Last week we had our annual group retreat, this time in El Leoncito Astronomical Complex, located in El Leoncito National Park, San Juan. The idea of the retreat is to mix academic activity with walks in natural areas and other fun activities. It is the fourth time we do this activity, and it was as successful as in previous years (see the accounts of previous retreats here, here and here).

Retreat participants in Pampa del Leoncito. From left to right: Eugenia Vázquez Novoa, Micaela Santos, Lisi Álvarez, María Pascual Tudanca, Nydia Vitale, Joana Haedo, Florencia Miguel, Hugo Marrero, Mariana Allasino, Virginia Chirilá and Diego Vázquez.

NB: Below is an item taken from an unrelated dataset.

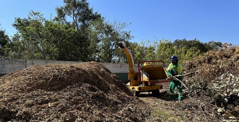 No local já são triturados alguns galhos provenientes de podas executadas pela Secretaria de Serviços Urbanos. Posteriormente os insumos obtidos serão doados aos produtores, por meio da Associação dos Agricultores de Valinhos.

We were eleven participants this year: eight from our group in Mendoza plus Hugo and Joana from Bahía Blanca and Mariana from San Juan. Each of us had to give a 10-min talk about our research, with plenty of time for questions and discussion. We also did a hike to mount El Leoncito and to El Rincón fall, a night sky observation, played board games after dinner, and visited Pampa del Leoncito, a flat depression formed by sediments. The Astronomical Complex, run by CONICET, is a perfect setting for this kind of activities, as it combines impressive infrastructure for lodging and meal services plus a great natural setting away from the city noise.

The group during the night sky observation, with the Milky Way behind.